Phase I, Non-randomized, Open-label, Multi-center Dose Escalation Trial of BI 836880 Administered by Weekly Repeated Intravenous Infusions in Patients With Advanced Solid Tumors.

Maximum Tolerated Dose (MTD)

Time Frame: First treatment cycle, 3 weeks from first administration of trial treatment (MTD evaluation period).

Determination of the maximum tolerated dose (MTD) in participants with advanced solid tumors. MTD was defined as the highest dose with less than 25% risk of true DLT rate being above 33% in the MTD evaluation period, and could be considered reached if the probability that the true DLT rate was in the target interval (16% to 33%) was sufficiently large during the MTD evaluation period. The MTD evaluation period was defined as 3 weeks after first administration of treatment.

Number of Participants With Dose Limiting Toxicities (DLTs) in the Maximum Tolerated Dose (MTD) Evaluation Period

Time Frame: First treatment cycle, 3 weeks from first administration of trial treatment (MTD evaluation period).
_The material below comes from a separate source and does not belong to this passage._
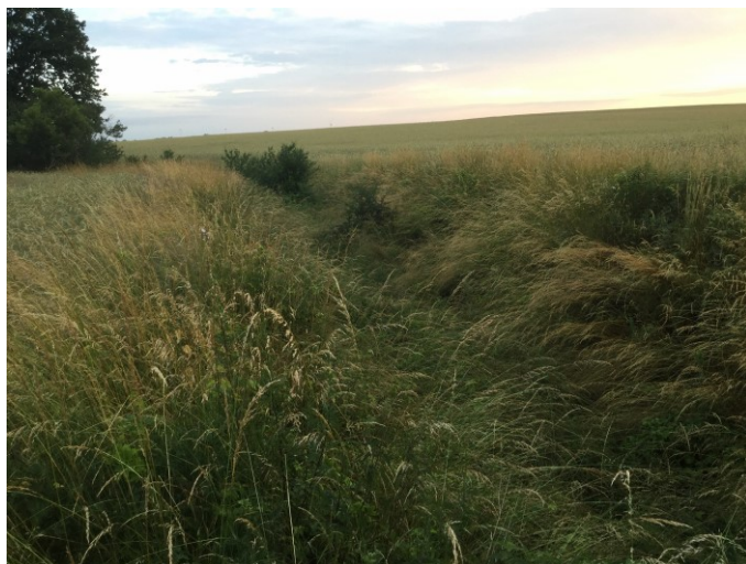
Abb. 15. Graben (trocken) am Westrand vom WEG am 25.06.2020.

The following drug-related adverse events qualified as DLTs: Common Terminology Criteria for Adverse Events (CTCAE) grade 4 neutropenia \>7 days or complicated by infection; grade \>3 febrile neutropenia; grade = 4 thrombocytopenia; grade \> 3 thrombocytopenia with bleeding; grade \> 3 proteinuria \> 3 non haematological toxicity except: Vomiting or diarrhea responding to supporting treatment, fatigue lasting for less than 4 days, transient grade 3 infusion reaction, any laboratory abnormality, which was considered not clinically relevant by the investigator or resolved spontaneously or could be resolved with appropriate treatment. Hypertension: increase of diastolic blood pressure (BP) by 15 mmHg, which could not be controlled by hypertensive medication and requires a dose reduction of BI 836880 for further treatment course. All related AE leading to an interruption of BI 836880 for more than 14 days until recovery to baseline.